How To Admit An Error (And How Not To) (Barry Ritholz)
Errors are inevitable, but Barry Ritholz says the best fund managers have developed methods for reducing career-threatening mistakes into mere inconveniences. “Admitting error should be part of your regular process. I have observed two ways to do this that seem to get good results: 1) Identify the error in a professional capacity to relevant parties. This can be to you, your co-workers and colleagues. 2) Perform regular reviews of your errors with the hope of avoiding them in the future. I do this with my annual mea culpas. Ray Dalio’s Bridgewater hedge fund is notorious for brutal self-examination — and they are (arguably) the most successful hedge fund in the world.”
A recent RBS survey showed central banks could soon start ramping up investments in equities. Is that odd?

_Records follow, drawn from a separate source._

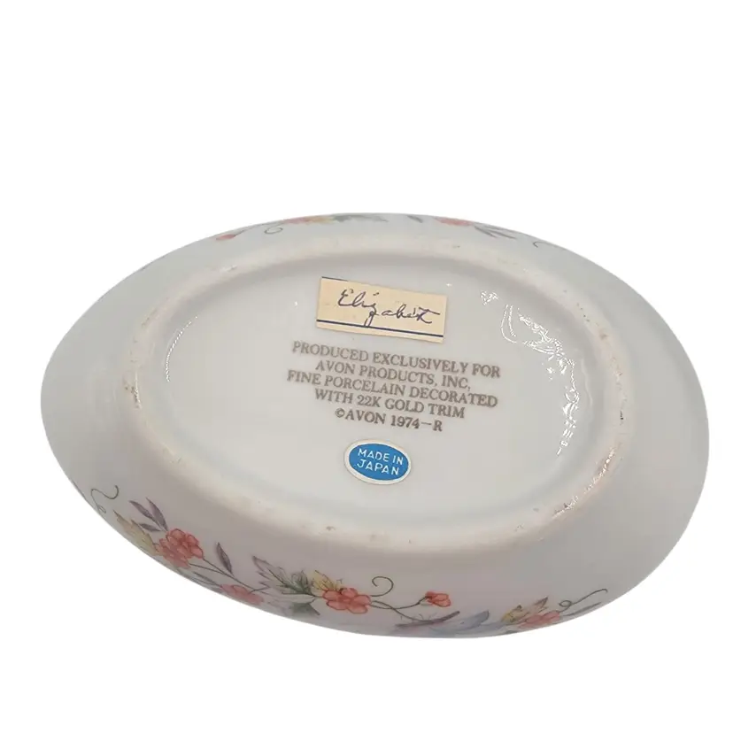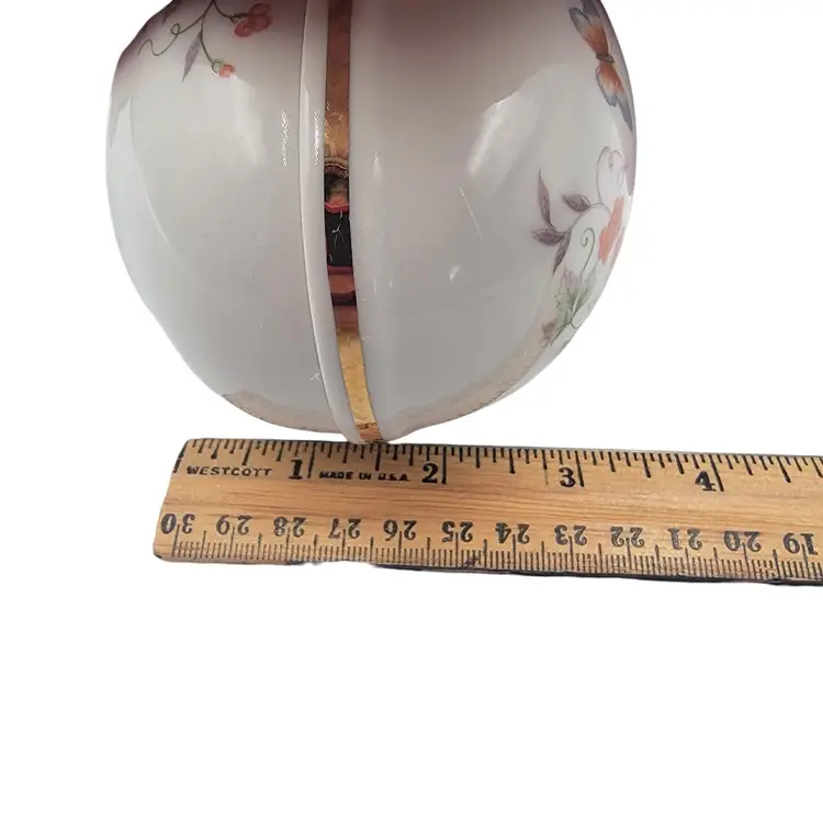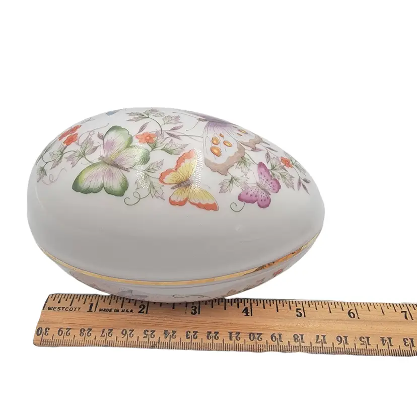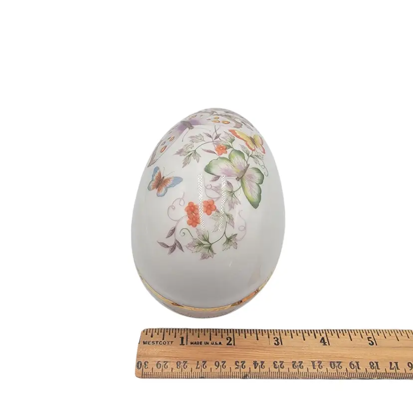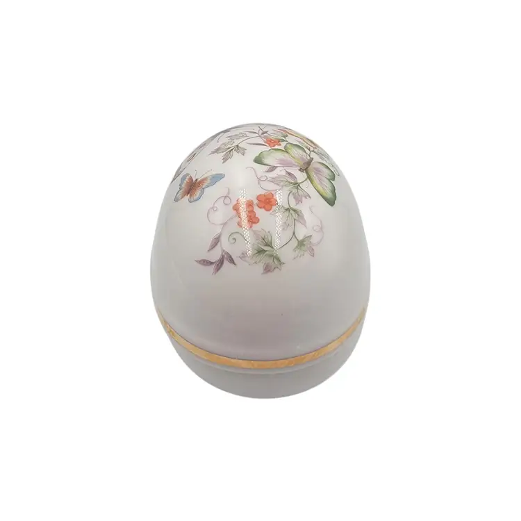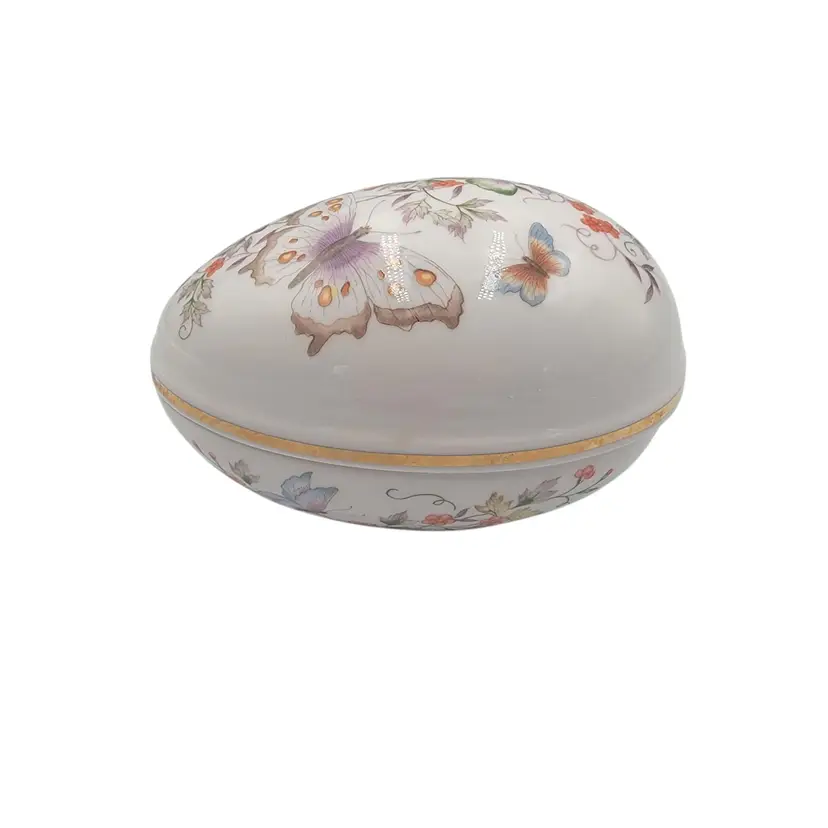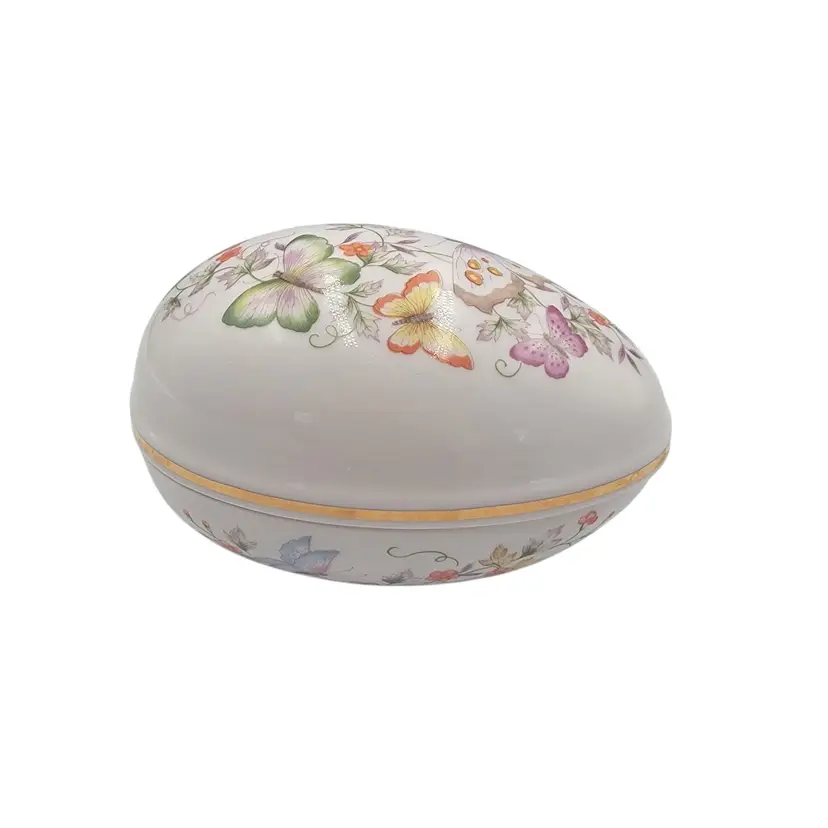 This charming porcelain egg, adorned with delicate butterflies and florals, was crafted in 1974 for Avon. Its 22K gold trim adds a touch of elegance, making it a timeless keepsake. A perfect home for small treasures, this piece combines artistry and functionality, celebrating beauty and craftsmanship.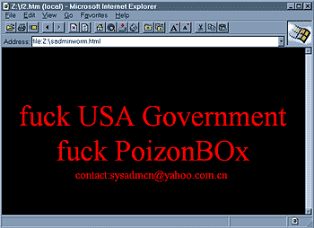 *이 바이러스는 UN군이 세르비아 베오그라드 주재 중국대사관을 폭격해서 중국인 사망자가 발생해서 이에 분노한 중국 해커들이 미국을 비방할 목적으로 만들어졌다고 할 수 있다.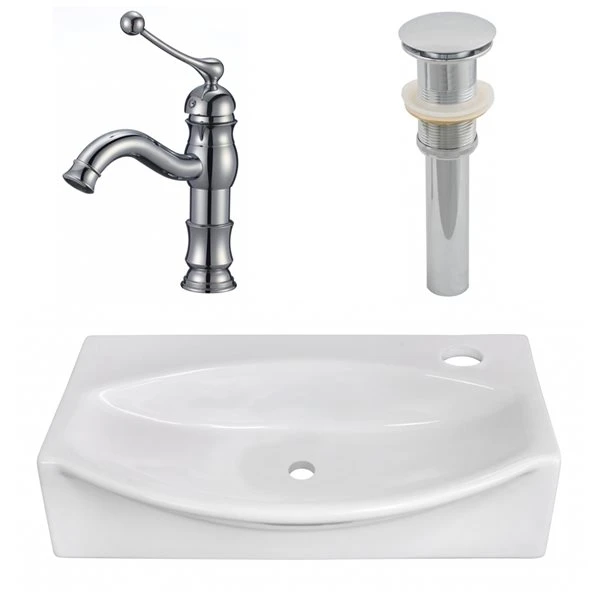 American Imaginations White Ceramic Bathroom Sink With Faucet And Drain (12-in X 16.5-in)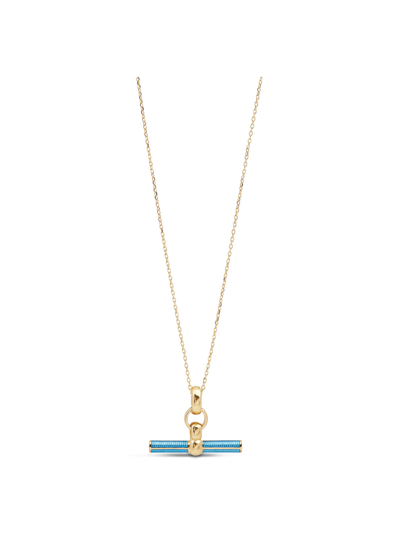 Aquamarine Enamel Small T-bar Necklace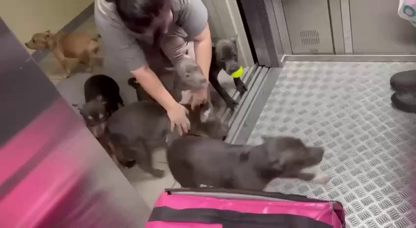 🛵В Питере на курьера набросилась стая бойцовых собак, курьер потерял дар речи и приобрёл порцию умиления на целый день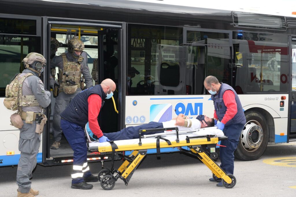 - Πρώτο σενάριο, εξουδετέρωση πειρατείας σε λεωφορείο.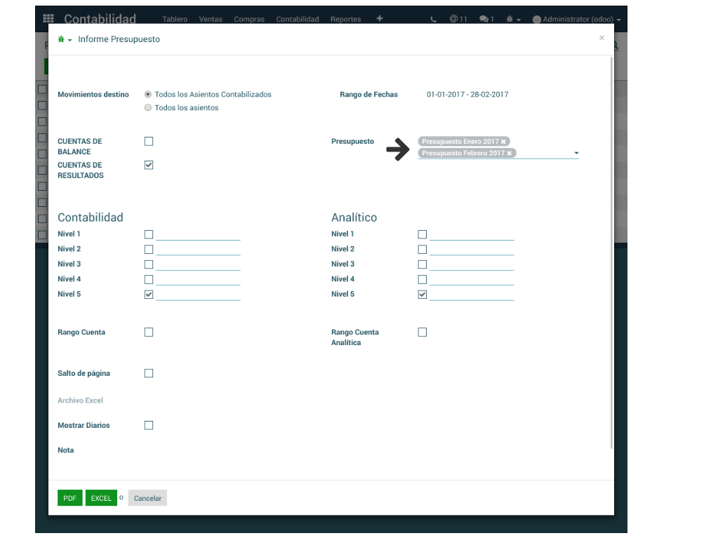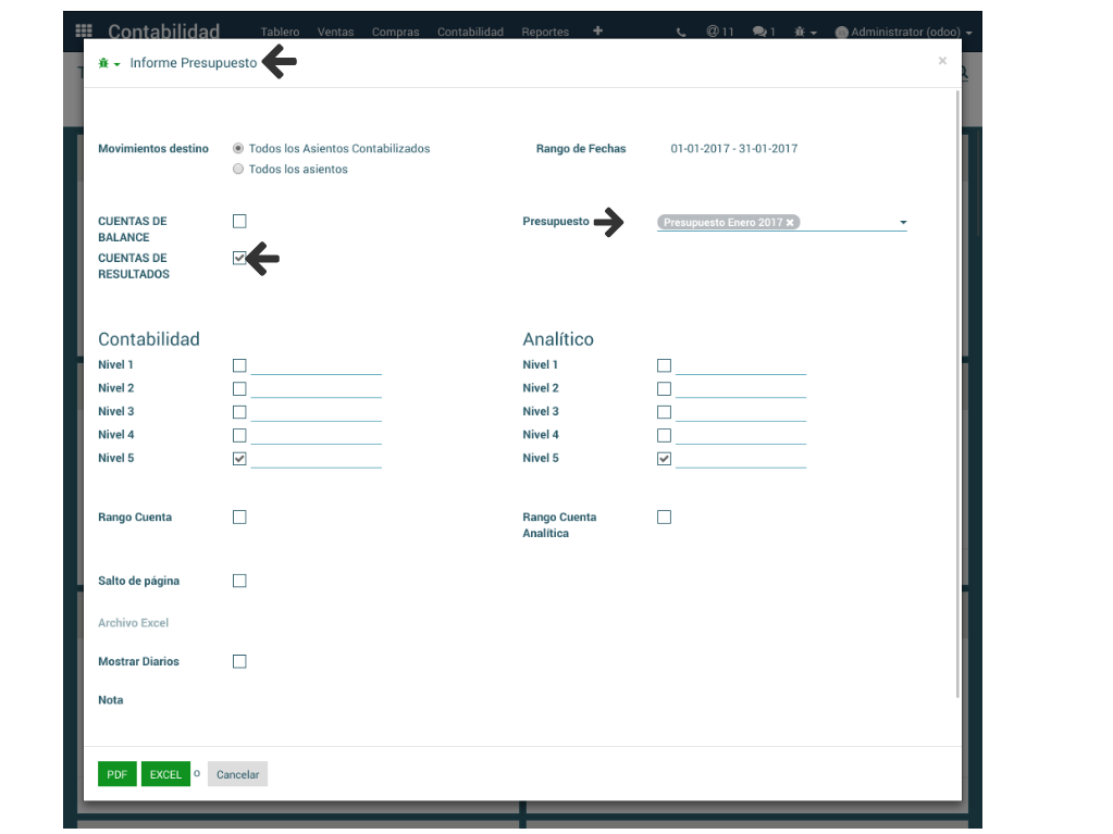 Para la generación del informe de presupuesto debe tenerse en cuenta la activación del campo Cuentas de Resultado y seleccionar los Presupuestos a consultar, puede ser uno o varios. Al igual que los demás reportes se puede elegir un nivel en las cuentas contables o analíticas.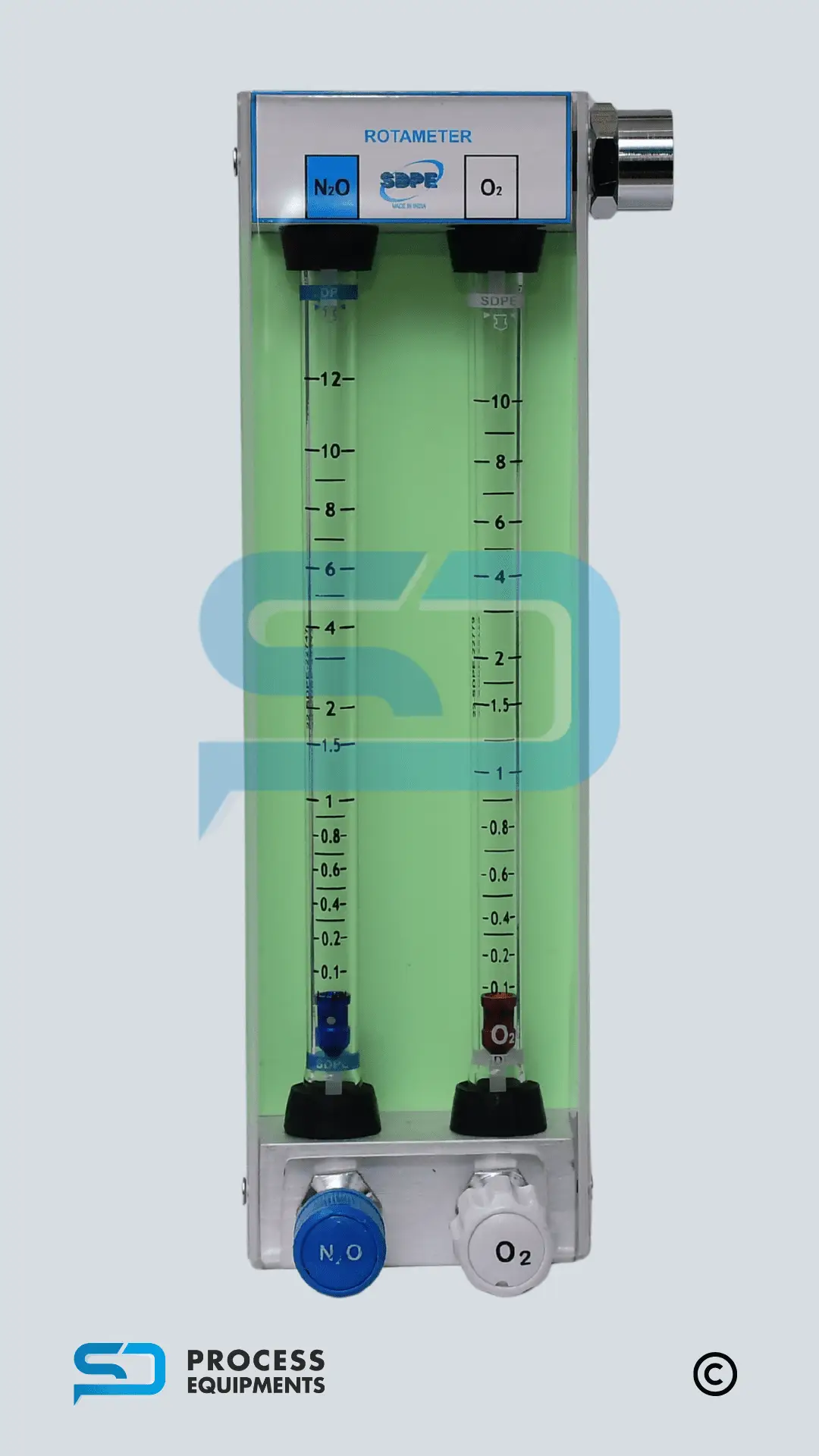 The SDPE Veternity Anesthetic Flow Meter (Rotameter) is a precision-engineered device designed for accurate measurement and control of medical oxygen flow, specifically for veterinary anesthesia applications. It features a durable housing equipped with single or dual oxygen-calibrated glass tubes with a high-visibility float for reliable readings.
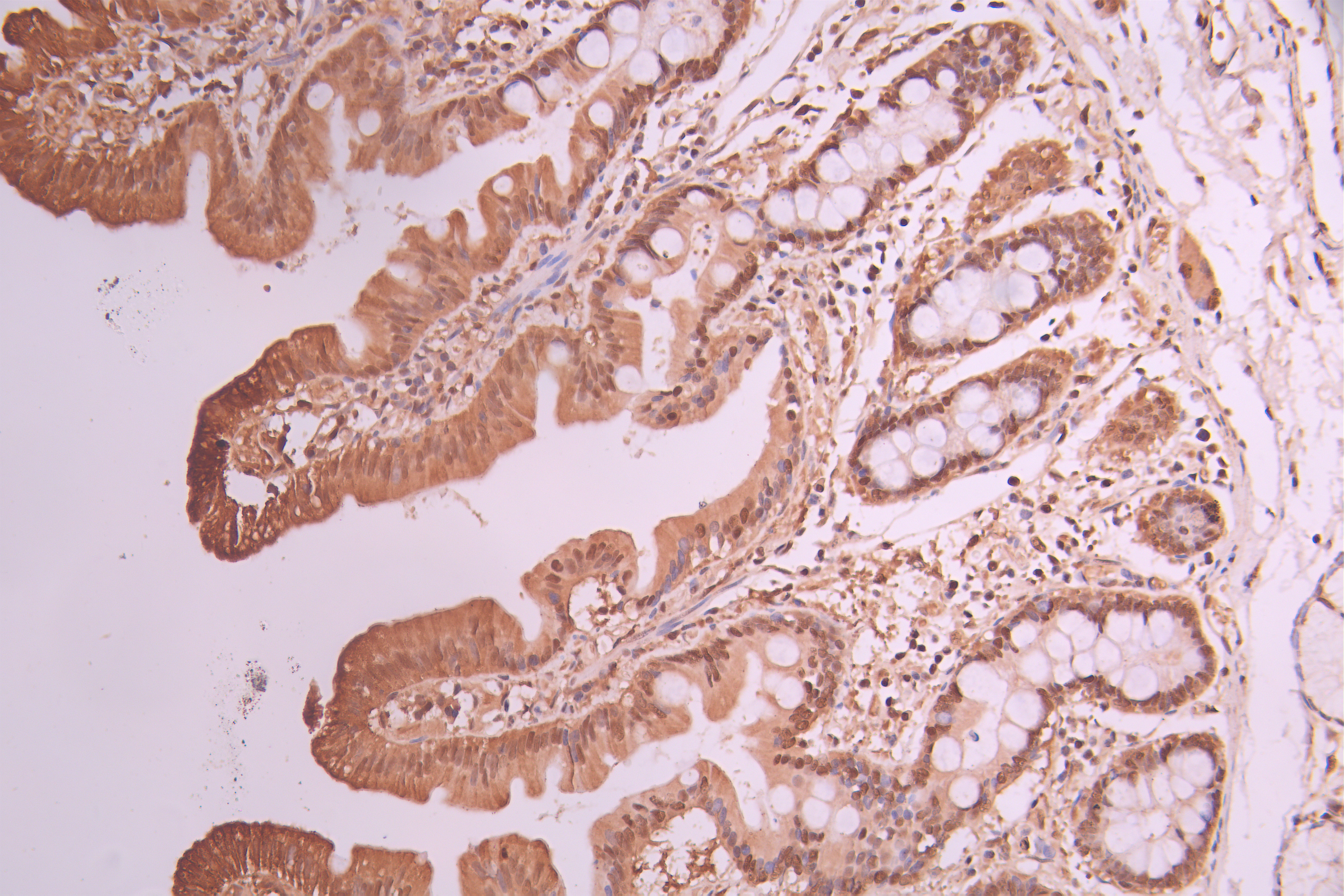 IHC image of CSB-RA276081A0HU diluted at 1:100 and staining in paraffin-embedded human small intestine tissue performed on a Leica BondTM system. After dewaxing and hydration, antigen retrieval was mediated by high pressure in a citrate buffer (pH 6.0). Section was blocked with 10% normal goat serum 30min at RT. Then primary antibody (1% BSA) was incubated at 4°C overnight. The primary is detected by a Goat anti-rabbit polymer IgG labeled by HRP and visualized using 0.05% DAB.
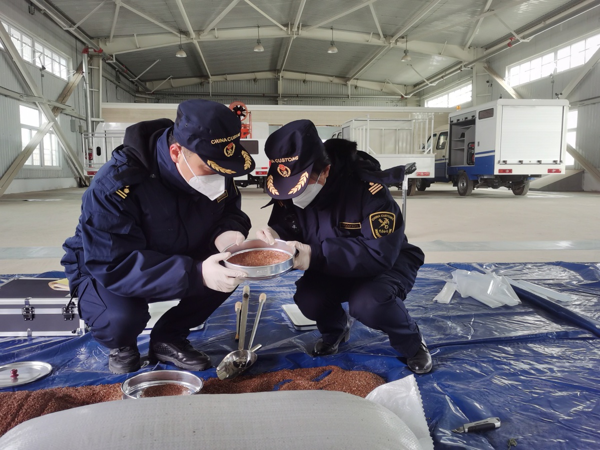 据兰州海关所属金城海关工作人员介绍,该批进口亚麻籽产地为哈萨克斯坦,由集装箱通过中欧班列运输,共42箱约1113吨,从阿拉山口口岸入境后转关至金城海关进行查验放行。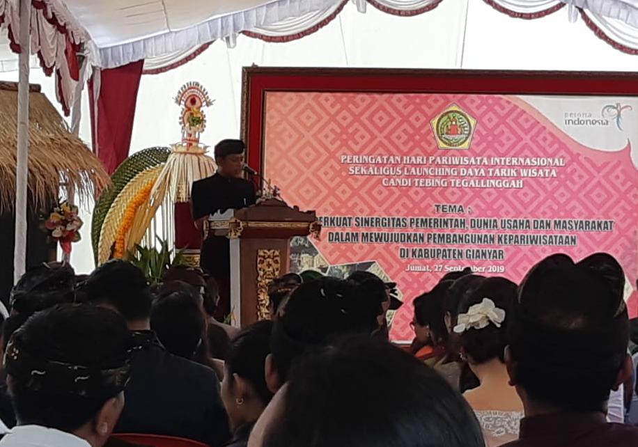 TARGETNUSA Gianyar Bali – Kegiatan peringatan hari pariwisata internasional sekaligus launching daya tarik wisata candi tebing tegallinggah dgn tema ” Memperkuat sinergitas pemerintah, dunia usaha dan masyarakat dalam mewujudkan pembangunan kepariwisataan di kabupaten Gianyar ” di Area Parkir Obyek Wisata Candi Tebing Tegallinggah, Banjar Tegallinggah Desa Bedulu Kecamatan Blahbatuh Kabupaten Gianyar-Bali, Jum’at (27/9).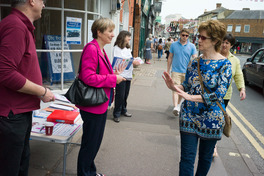 GB. England. Farnham. Louise Irvine for the National Health Action Party on the campaign trail.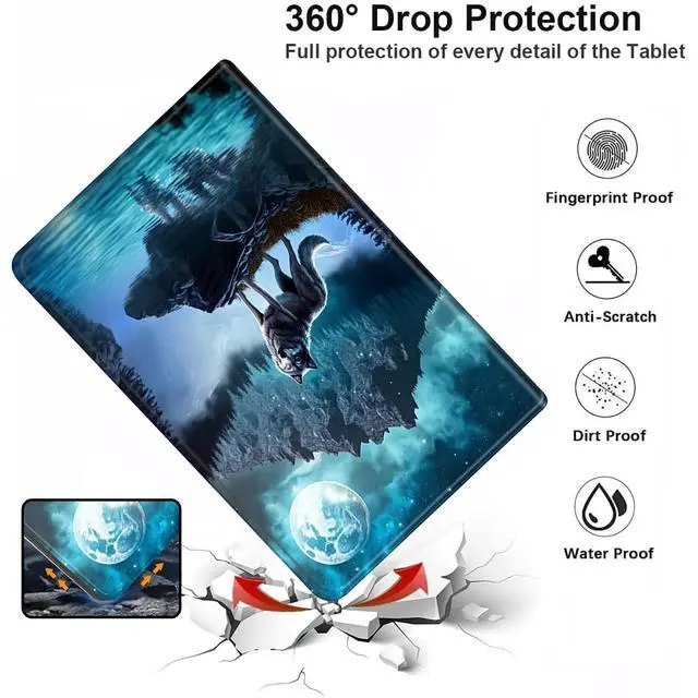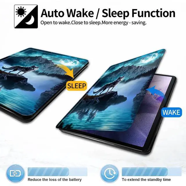 Easy access to all features and controls. -- Built in PU leather, Inner shock absorbing TPU & front and back cover protect your tablet from scratches, dirt and grime etc. --Allows setting multiple horizontal standing angles for viewing, No angle restrictions. --Lightweight table case fully protects your device without adding extra bulky.

In a CNBC interview, Goldman Sachs’ Jim O’Neill believes it is not. “I don’t think people should worry about that,” he said, adding many sovereign wealth funds tied to central banks already invest in stocks. “Frankly, it makes a huge amount of sense in a world of floating exchange rates and such incredible opportunity, why should central banks keep so much money in very short term, liquid things when they’re not going to ever need it?” O’Neill said. “To help their future returns for their citizens, why would they not invest in equity?”
The Number Of New Financial Securities Being Issued Has Been Plummeting (Citi via Pragmatic Capitalism)
Here’s a graph from Citi showing the rate of all new financial assets issued in the past decade. Not only are we back to pre-crisis levels, we’re beyond it. In other words, the growth of all markets is slowing down.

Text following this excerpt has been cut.